*EXERCISE DIRECTIONS*
Without changing a thing, reproduce the entire listing and leave out its pictures.

*RECORDED DATA*
● ● ● ●

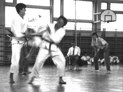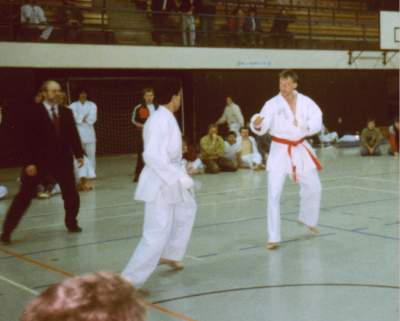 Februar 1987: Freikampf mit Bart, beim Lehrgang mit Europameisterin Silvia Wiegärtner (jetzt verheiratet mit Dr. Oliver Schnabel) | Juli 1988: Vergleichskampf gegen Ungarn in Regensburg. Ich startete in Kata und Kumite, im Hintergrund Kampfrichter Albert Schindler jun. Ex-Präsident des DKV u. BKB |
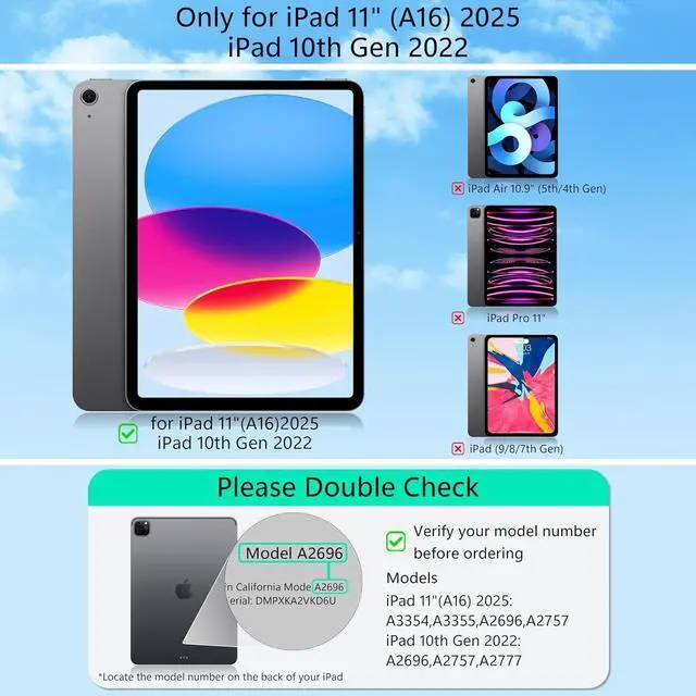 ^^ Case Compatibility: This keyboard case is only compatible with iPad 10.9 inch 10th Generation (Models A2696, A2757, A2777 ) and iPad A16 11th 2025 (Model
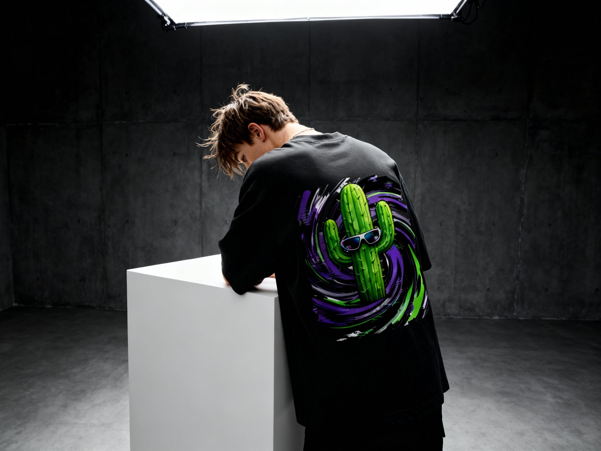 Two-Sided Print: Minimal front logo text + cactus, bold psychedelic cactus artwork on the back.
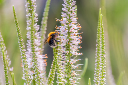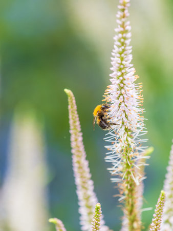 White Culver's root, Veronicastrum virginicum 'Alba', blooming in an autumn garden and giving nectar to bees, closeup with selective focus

● ● ● ●

*SOLVED EXERCISE*
 Februar 1987: Freikampf mit Bart, beim Lehrgang mit Europameisterin Silvia Wiegärtner (jetzt verheiratet mit Dr. Oliver Schnabel) | Juli 1988: Vergleichskampf gegen Ungarn in Regensburg. Ich startete in Kata und Kumite, im Hintergrund Kampfrichter Albert Schindler jun. Ex-Präsident des DKV u. BKB |
 ^^ Case Compatibility: This keyboard case is only compatible with iPad 10.9 inch 10th Generation (Models A2696, A2757, A2777 ) and iPad A16 11th 2025 (Model
 Two-Sided Print: Minimal front logo text + cactus, bold psychedelic cactus artwork on the back.
 White Culver's root, Veronicastrum virginicum 'Alba', blooming in an autumn garden and giving nectar to bees, closeup with selective focus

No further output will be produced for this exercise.